Department of Bioengineering, University of California, Berkeley, Berkeley, CA, USA.
Cell cycle (Georgetown, Tex.) (Impact Factor: 4.57). 06/2012; 11(12):2260-7. DOI: 10.4161/cc.20437
Source: PubMed

ABSTRACT Aging is unmistakable and undeniable in mammals. Interestingly, mice develop cataracts, muscle atrophy, osteoporosis, obesity, diabetes and cognitive deficits after just 2-3 postnatal years, while it takes seven or more decades for the same age-specific phenotypes to develop in humans. Thus, chronological age corresponds differently with biological age in metazoan species and although many theories exist, we do not understand what controls the rate of mammalian aging. One interesting idea is that species-specific rate of aging represents a ratio of tissue attrition to tissue regeneration. Furthermore, current findings suggest that the age-imposed biochemical changes in the niches of tissue stem cells inhibit performance of this regenerative pool, which leads to the decline of tissue maintenance and repair. If true, slowing down stem cell and niche aging, thereby promoting tissue regeneration, could slow down the process of tissue and organismal aging.

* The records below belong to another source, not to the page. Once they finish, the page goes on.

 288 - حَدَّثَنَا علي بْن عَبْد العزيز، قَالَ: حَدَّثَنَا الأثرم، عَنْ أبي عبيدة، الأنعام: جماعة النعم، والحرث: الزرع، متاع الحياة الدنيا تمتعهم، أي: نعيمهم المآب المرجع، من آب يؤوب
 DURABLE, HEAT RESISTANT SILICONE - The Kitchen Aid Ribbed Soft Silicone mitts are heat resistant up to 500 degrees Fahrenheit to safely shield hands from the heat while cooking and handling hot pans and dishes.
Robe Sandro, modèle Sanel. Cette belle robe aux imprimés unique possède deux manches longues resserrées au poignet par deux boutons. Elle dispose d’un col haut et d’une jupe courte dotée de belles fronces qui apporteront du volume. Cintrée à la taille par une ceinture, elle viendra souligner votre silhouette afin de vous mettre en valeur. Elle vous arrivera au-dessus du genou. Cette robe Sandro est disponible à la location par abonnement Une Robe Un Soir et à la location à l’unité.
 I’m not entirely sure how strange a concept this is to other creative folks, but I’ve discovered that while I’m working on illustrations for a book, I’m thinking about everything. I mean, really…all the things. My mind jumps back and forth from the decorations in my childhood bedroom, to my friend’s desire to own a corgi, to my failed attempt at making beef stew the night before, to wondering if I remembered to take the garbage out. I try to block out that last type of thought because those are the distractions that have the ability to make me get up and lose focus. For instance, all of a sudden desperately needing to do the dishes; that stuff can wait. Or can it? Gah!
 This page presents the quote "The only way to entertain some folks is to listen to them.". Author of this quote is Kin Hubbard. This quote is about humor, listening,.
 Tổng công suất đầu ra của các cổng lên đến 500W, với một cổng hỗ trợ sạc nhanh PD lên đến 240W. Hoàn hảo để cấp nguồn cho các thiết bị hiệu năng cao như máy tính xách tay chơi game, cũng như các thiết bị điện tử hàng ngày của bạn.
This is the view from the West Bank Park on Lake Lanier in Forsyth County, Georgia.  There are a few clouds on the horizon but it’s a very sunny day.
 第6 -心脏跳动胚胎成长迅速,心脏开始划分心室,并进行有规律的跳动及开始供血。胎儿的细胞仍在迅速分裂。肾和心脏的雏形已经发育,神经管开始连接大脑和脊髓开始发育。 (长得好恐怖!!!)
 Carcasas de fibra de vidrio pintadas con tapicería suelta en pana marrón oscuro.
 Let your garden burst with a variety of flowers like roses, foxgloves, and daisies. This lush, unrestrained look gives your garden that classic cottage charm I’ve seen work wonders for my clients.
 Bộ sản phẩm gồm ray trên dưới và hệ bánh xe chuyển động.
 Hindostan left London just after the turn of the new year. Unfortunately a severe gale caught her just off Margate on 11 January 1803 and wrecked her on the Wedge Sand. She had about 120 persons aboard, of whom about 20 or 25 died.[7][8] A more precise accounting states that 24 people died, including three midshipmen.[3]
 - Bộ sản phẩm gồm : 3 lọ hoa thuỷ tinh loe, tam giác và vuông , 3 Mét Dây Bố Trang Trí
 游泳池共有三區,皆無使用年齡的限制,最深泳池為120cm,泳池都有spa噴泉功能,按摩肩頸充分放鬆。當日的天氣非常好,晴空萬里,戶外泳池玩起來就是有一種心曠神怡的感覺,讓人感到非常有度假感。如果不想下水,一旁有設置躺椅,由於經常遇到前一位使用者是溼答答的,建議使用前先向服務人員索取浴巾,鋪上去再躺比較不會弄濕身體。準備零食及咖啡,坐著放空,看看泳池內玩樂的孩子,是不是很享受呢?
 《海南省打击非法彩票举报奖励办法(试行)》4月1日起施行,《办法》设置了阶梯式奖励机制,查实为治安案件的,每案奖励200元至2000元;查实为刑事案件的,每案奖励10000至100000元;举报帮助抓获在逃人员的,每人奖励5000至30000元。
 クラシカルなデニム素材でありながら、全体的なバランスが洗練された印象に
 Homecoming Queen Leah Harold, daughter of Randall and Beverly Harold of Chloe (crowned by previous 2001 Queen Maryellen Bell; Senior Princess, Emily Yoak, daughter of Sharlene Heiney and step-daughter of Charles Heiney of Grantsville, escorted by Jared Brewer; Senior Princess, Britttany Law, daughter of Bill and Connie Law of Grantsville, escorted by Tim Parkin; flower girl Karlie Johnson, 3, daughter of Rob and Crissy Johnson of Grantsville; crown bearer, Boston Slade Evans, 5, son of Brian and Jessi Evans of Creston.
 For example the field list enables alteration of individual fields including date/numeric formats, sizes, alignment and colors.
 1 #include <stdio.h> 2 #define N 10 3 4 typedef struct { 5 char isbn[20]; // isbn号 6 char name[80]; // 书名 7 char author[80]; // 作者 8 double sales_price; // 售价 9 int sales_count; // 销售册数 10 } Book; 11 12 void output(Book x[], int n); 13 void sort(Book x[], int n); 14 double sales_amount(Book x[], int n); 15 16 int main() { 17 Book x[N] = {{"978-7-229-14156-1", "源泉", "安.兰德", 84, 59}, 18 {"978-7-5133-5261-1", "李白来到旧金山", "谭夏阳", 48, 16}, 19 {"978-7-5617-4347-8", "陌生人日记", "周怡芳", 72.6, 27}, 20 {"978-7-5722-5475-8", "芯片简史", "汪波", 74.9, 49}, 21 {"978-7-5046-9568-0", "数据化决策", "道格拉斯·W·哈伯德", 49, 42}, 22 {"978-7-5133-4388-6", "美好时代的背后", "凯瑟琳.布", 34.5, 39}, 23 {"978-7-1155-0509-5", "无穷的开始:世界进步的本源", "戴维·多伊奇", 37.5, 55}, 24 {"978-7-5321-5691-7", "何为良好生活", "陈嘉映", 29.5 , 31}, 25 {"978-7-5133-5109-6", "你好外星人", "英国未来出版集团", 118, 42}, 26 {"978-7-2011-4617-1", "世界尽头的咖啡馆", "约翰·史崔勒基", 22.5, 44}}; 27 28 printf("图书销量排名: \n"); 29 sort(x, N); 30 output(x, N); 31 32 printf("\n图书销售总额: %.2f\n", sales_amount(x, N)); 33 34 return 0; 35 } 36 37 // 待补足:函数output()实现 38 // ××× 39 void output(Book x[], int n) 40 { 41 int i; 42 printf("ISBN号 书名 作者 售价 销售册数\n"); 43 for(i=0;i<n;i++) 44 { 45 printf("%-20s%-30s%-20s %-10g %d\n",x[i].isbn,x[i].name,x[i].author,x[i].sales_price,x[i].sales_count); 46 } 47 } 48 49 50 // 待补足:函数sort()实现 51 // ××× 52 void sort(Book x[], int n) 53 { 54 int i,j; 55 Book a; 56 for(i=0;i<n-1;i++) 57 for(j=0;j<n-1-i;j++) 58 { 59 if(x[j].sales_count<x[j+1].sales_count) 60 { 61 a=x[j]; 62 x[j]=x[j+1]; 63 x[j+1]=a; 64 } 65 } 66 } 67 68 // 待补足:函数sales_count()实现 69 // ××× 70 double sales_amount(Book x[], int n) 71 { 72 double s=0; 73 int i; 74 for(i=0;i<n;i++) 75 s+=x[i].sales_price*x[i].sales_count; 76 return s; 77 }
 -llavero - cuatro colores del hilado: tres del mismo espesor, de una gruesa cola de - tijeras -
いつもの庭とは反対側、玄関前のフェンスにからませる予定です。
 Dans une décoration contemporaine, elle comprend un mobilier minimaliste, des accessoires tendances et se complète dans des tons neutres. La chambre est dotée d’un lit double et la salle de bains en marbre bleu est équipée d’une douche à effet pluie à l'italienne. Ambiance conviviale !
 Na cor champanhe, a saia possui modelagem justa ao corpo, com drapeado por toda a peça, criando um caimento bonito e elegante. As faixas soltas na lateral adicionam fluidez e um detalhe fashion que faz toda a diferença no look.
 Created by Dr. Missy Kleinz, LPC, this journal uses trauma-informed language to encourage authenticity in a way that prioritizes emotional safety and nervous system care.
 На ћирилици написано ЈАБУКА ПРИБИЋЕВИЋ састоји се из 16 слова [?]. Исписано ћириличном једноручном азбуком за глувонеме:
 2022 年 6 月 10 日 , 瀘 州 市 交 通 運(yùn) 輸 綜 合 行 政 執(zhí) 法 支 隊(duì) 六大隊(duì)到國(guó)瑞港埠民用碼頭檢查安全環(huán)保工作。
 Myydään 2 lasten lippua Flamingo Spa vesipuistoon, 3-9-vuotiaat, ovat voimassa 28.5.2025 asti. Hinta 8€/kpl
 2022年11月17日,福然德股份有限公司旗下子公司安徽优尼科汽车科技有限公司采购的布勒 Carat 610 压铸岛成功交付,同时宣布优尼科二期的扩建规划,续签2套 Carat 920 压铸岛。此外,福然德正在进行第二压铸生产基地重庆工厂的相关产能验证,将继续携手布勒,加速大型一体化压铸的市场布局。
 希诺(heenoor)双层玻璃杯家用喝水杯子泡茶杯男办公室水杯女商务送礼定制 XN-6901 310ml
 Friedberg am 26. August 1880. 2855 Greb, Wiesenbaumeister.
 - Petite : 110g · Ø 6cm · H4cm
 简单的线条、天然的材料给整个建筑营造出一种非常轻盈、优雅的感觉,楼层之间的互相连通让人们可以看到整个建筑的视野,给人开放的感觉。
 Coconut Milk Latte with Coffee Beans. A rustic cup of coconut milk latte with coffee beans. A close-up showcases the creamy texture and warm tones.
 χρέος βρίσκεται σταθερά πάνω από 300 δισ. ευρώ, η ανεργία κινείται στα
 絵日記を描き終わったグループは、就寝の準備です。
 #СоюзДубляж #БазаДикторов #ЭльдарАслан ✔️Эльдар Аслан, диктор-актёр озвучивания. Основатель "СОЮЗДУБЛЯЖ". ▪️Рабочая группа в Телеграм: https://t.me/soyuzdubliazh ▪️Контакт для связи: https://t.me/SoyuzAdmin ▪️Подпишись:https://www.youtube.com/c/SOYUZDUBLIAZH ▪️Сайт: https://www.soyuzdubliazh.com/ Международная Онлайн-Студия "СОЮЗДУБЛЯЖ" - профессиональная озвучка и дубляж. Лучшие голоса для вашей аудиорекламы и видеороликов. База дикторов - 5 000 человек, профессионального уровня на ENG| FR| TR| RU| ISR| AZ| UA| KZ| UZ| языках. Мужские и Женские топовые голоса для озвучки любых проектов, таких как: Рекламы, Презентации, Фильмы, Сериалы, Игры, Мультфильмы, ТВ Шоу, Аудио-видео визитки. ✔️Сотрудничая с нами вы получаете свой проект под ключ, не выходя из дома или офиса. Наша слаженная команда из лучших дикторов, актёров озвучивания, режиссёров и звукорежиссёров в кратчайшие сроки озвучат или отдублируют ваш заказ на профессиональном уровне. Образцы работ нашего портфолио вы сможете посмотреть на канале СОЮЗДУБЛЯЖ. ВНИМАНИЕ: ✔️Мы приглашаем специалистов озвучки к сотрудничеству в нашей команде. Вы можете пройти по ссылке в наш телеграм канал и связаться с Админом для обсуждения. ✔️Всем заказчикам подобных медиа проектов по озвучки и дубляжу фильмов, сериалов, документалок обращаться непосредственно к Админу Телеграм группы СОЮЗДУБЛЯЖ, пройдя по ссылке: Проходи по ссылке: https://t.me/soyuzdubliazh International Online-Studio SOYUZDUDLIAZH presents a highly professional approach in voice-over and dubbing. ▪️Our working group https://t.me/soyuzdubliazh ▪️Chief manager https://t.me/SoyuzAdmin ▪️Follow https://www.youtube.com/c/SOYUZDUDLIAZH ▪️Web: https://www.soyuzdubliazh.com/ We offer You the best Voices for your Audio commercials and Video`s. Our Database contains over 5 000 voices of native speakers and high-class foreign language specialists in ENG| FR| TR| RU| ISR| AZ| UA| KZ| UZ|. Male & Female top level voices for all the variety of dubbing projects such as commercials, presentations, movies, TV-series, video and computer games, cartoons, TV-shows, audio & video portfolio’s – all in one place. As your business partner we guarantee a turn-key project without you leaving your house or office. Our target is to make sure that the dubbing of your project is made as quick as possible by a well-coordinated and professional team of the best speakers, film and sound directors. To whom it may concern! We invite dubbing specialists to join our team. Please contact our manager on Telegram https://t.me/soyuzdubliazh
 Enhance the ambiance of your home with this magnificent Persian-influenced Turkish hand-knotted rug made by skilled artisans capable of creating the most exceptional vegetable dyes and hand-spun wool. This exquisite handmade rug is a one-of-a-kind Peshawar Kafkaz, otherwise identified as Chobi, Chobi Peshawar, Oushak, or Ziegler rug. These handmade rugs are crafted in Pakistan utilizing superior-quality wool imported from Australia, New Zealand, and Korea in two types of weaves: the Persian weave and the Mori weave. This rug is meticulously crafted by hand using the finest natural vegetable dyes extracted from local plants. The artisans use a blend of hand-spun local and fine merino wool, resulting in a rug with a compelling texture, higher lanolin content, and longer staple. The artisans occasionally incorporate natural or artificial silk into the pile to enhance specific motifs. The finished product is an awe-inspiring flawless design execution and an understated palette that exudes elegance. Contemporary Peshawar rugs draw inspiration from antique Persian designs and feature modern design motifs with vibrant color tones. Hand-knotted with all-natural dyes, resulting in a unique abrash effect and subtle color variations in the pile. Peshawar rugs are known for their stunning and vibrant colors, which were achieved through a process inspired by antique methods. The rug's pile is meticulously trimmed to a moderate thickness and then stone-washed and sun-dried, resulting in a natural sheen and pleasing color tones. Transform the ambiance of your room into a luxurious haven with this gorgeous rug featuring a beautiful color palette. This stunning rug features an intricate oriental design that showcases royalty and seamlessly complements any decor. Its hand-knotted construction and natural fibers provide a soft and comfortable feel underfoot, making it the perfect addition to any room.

In this regard, recent studies of heterochronic parabiosis provide important clues as to the mechanisms of stem cell aging and suggest novel strategies for enhancing tissue repair in the old. Here we review current literature on the relationship between the vigor of tissue stem cells and the process of aging, with an emphasis on the rejuvenation of old tissues by the extrinsic modifications of stem cell niches.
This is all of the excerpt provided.